Before we go down that path though, let’s not be dramatic. Surely the sensations drinking coffee engenders are somewhat psychosomatic and not strictly chemical. Sure, caffeine induces some stimulation and alertness. But the feelings of confidence, attentiveness and even restlessness which I and many of you associate with coffee dramatically exceed its chemical effects.
It seems that at least part of the draw and effect of drinking coffee as habitually and excessively as I do is psychological. Coffee is like any other commodity in our culture, then, in the sense that we attach certain feelings and ideologies to it which are not necessarily contained in the drink itself. In this case, the feelings of energy, edginess and dependency are simply exaggerated reports of authentic chemical reactions.
There is also the image factor. Marx was the first to talk about commodity fetishism, wherein we transplant subjective emotions, relationships and statuses onto objective objects. Just as an iPod is more than an MP3 player — it represents individuality and personalization, too — carrying a cup of coffee earns you an aura of ambition and intelligence.
These two factors — the inflated expectations along with the superficial image — may very well be at the heart of my attraction to coffee. Yet this awareness prompts a perplexing question: How come it still works after the fact?

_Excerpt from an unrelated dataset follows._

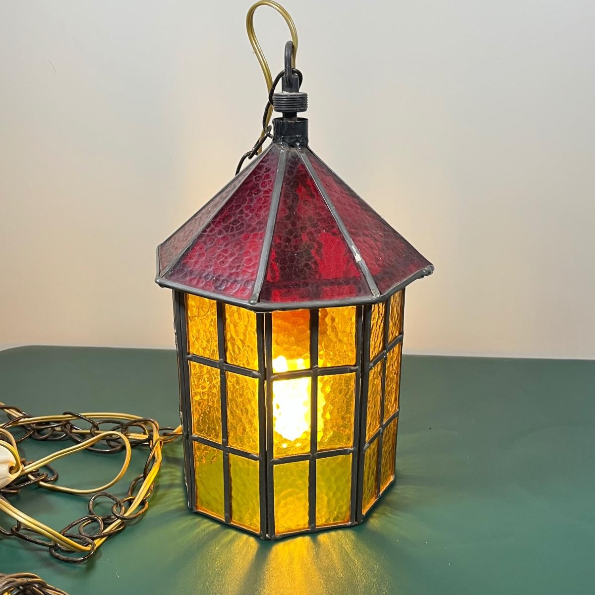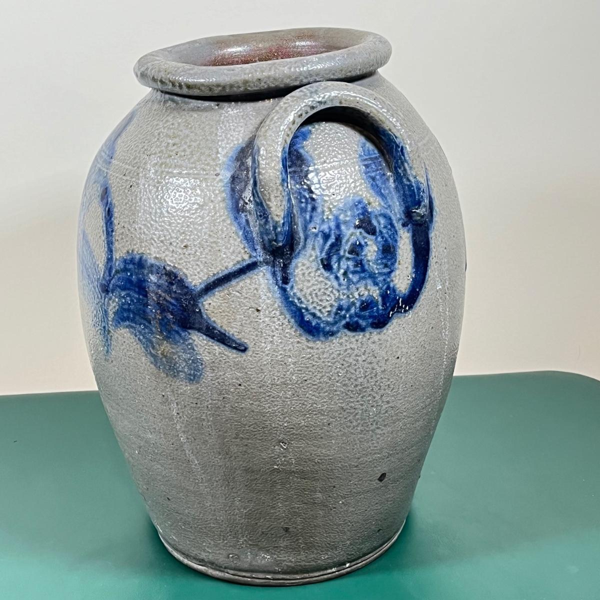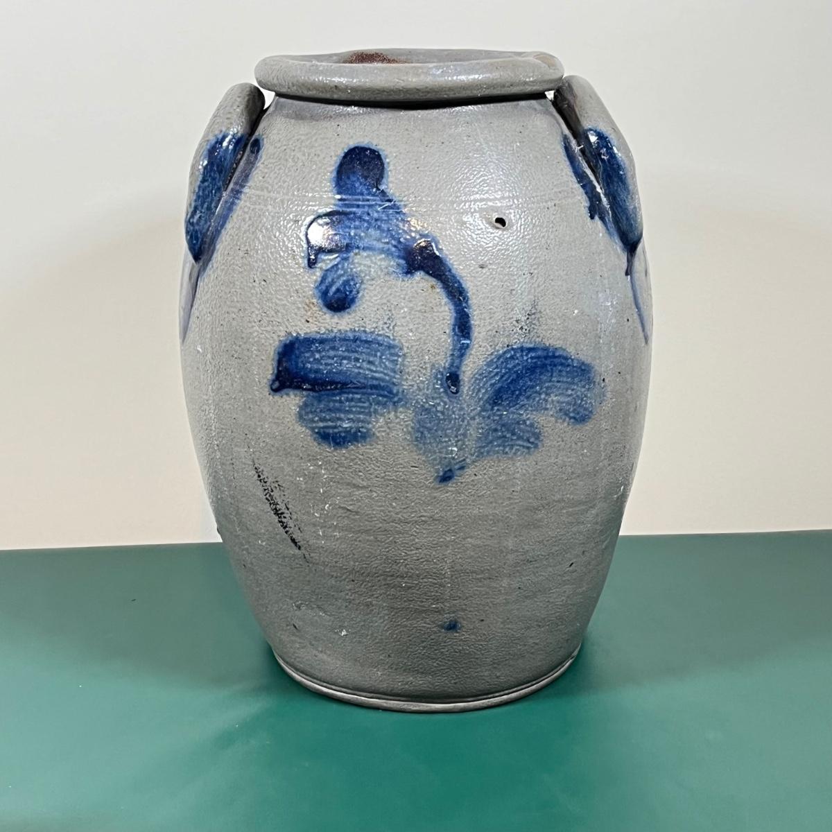 LOT 107B: Hanging Glass Lamp and Vintage Stoneware Crock

What we are saying is that at least part of the draw to caffeine is psychological. Sure, the chemicals are still all there. But the intense feelings of dependency we attach to coffee are seemingly the results of a self-deceptive placebo effect, right? Why am I still drawn to the warm, milky beverage when I know that at least part of the promise it holds is made up?
We’ve all construed and upheld the myth that coffee will help you get what you need to do done. Psychologically, I can hardly get started on that looming term paper without a cup of coffee at my side. I know drinking coffee won’t make me any smarter, but I’m still not really sure if my computer or thermos is more indispensable for me to achieve any writing.
I suppose it’s comparable to Hemingway’s relationship with alcohol, Burroughs’s heroin habit or Rand’s dependency on amphetamines (not that I include myself in that list of greats). Point being, as writers and artists, we attach our creative juices to particular substances. In those cases, the substances had addictive features far greater than caffeine. But the initial association between productivity and some external substance is the heart of the matter. It functions like a crutch. It’s sort of like saying, “Once I’ve got a warm cup then the paper will be doable.”
Sure, we’re limiting ourselves by thinking that we can’t accomplish whatever we’ve got on the plate before then. But if all it takes for me to study another hour to come up with a thesis or memorize these 25 index cards is another $2 off the meal plan and a little jitteriness, why not?